21-Hydroxylase deficiency (21-OHD) is the most common cause of congenital adrenal hyperplasia, with an incidence of 1 : 14 000 live births and equal prevalence among males and females.
Newborns with the most severe “salt-wasting” form of 21-OHD are susceptible to salt-wasting crises in the first few weeks of life. This is associated with morbidity and mortality.
21-OHD newborn screening (NBS) is currently performed in many countries.
Despite several prominent medical societies recommending 21-OHD NBS, no state in Australia currently screens for this condition.
We report a case that illustrates the need to reconsider including 21-OHD in NBS.
21-OHD NBS can be reliable, sensitive and effective in reducing morbidity and mortality.
The most common cause of congenital adrenal hyperplasia (CAH) is 21-hydroxylase deficiency (21-OHD), a group of autosomal recessive conditions that impair cortisol production.1,2 21-OHD has an overall incidence of 1 : 14 000 live births, with equal prevalence among males and females.2 The variable residual 21-hydroxylase enzyme activity in this condition causes a spectrum of clinical phenotypes, ranging from the most severe “classic” forms to the “non-classic” forms.
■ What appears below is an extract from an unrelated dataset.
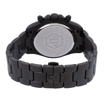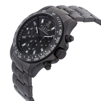Black stainless steel case and bracelet. Fixed black stainless steel bezel. Black dial with black hands and crystal hour markers. Minute markers around the outer rim. Dial Type: Analog. Chronograph - three sub-dials displaying: 60 second, 60 minute and 24 hour. Quartz movement. Scratch resistant mineral crystal. Solid case back. Round case shape, case size: 43 mm, case thickness: 14 mm. Band width: 22 mm. Deployment with push button release clasp. Water resistant at 50 meters / 165 feet. Functions: chronograph, hour, minute, second. Nobile Series. Sport watch style. Philipp Plein Nobile Chronograph Quartz Crystal Black Dial Men's Watch PWCAA0621.

The classic forms include the salt-wasting and simple virilising varieties. Two-thirds of patients with classic 21-OHD have salt wasting, and the remaining one-third have the simple virilising phenotype.1
In 21-OHD, the precursors, progesterone and 17-hydroxyprogesterone (17-OHP), accumulate to varying amounts and divert to androgen biosynthesis. Infant girls with classic CAH have ambiguous external genitalia, but boys appear normal.1 Salt wasting due to lack of aldosterone usually occurs between 1 and 3 weeks after birth.3,4 As the symptoms are non-specific, a correct diagnosis is often delayed. Thus, males with classic CAH are at serious risk of morbidity and mortality.1,2
Morbidity and mortality from CAH would be significantly reduced by the introduction of newborn screening (NBS) for 21-OHD. 21-OHD NBS has a specificity of greater than 99%, with sensitivity ranging from 92% to 100%.5 Most countries offering 21-OHD NBS use the time-resolved, dissociation-enhanced, lanthanide fluorescence immunoassay (DELFIA).6 21-OHD NBS was first performed in Alaska in 1977, and, despite the recommendation of prominent medical societies,7-10 no state in Australia performs 21-OHD NBS. We report a case illustrating the need for inclusion of 21-OHD in the NBS programs in Australia.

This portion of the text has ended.